**Given data**
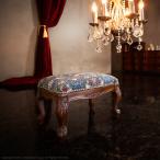 椅子 チェア アンティーク イタリア製 エレガント 高級感 スツール 木製 オットマン おしゃれ ブルー 猫脚 金華山織り 天然木 完成品 いす イス 座面高50cm
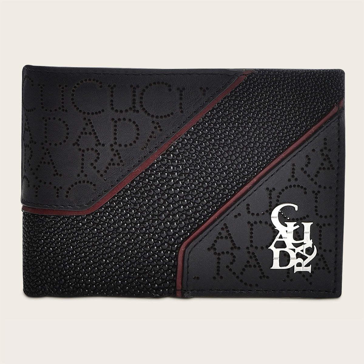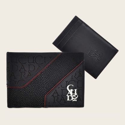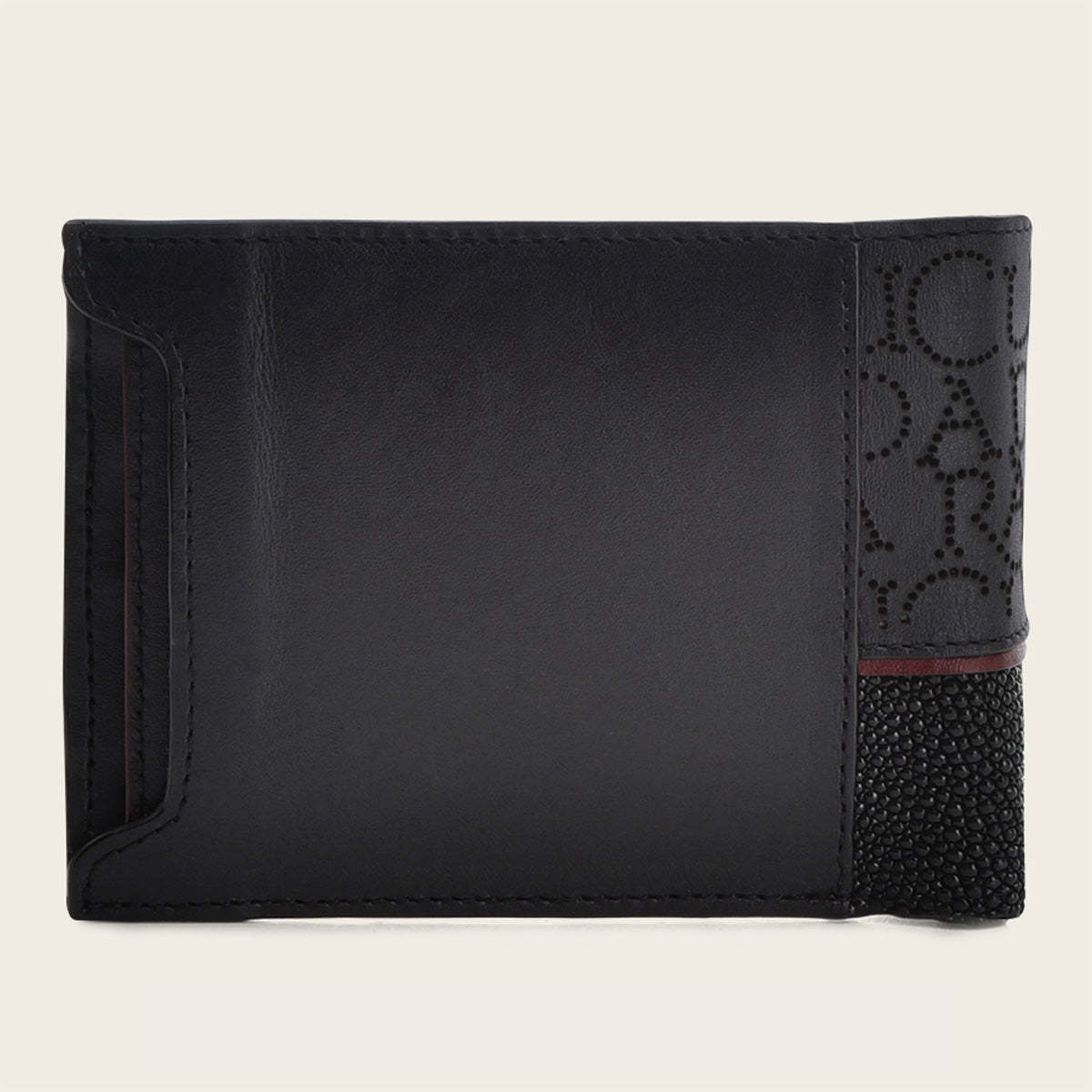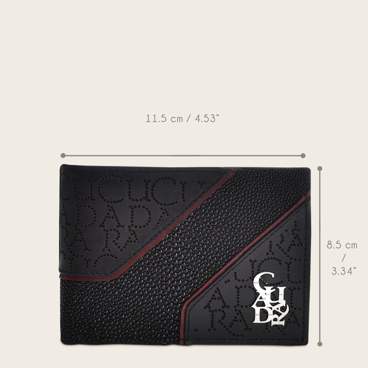 Cartera para caballero en piel genuina de mantarraya . Al frente con ligero contraste de color, fino perforado con logo de la marca. Herraje metálico con logo de la marca. En la parte trasera cuenta con tarjetero externo en piel de bovino con espacio para cinco tarjetas. La parte interna cuenta con cinco espacios para tarjetas y dos para efectivo. Color negro.
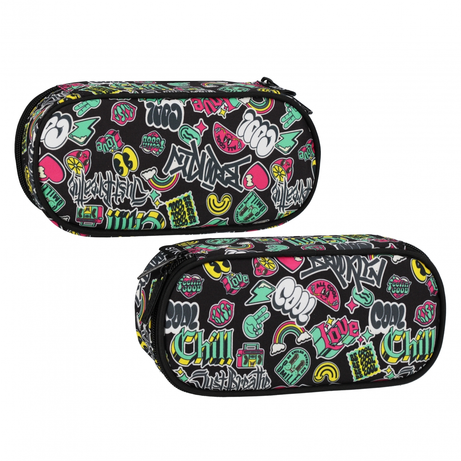 Zalety produktu: odporny materiał, podszewka, która chroni przed zabrudzeniem i jest łatwa w czyszczeniu, mocny zamek błyskawiczny, bardzo pojemny, kształt saszetki. Piórnik Cool w kolorze czarnym z kolorową grafiką w kształcie saszetki z dużym zamkiem błyskawicznym. Pomieści niezbędne artykuły...

**What is expected**
Return all the data exactly, and keep the pictures out.

**Expected output**
 椅子 チェア アンティーク イタリア製 エレガント 高級感 スツール 木製 オットマン おしゃれ ブルー 猫脚 金華山織り 天然木 完成品 いす イス 座面高50cm
 Cartera para caballero en piel genuina de mantarraya . Al frente con ligero contraste de color, fino perforado con logo de la marca. Herraje metálico con logo de la marca. En la parte trasera cuenta con tarjetero externo en piel de bovino con espacio para cinco tarjetas. La parte interna cuenta con cinco espacios para tarjetas y dos para efectivo. Color negro.
 Zalety produktu: odporny materiał, podszewka, która chroni przed zabrudzeniem i jest łatwa w czyszczeniu, mocny zamek błyskawiczny, bardzo pojemny, kształt saszetki. Piórnik Cool w kolorze czarnym z kolorową grafiką w kształcie saszetki z dużym zamkiem błyskawicznym. Pomieści niezbędne artykuły...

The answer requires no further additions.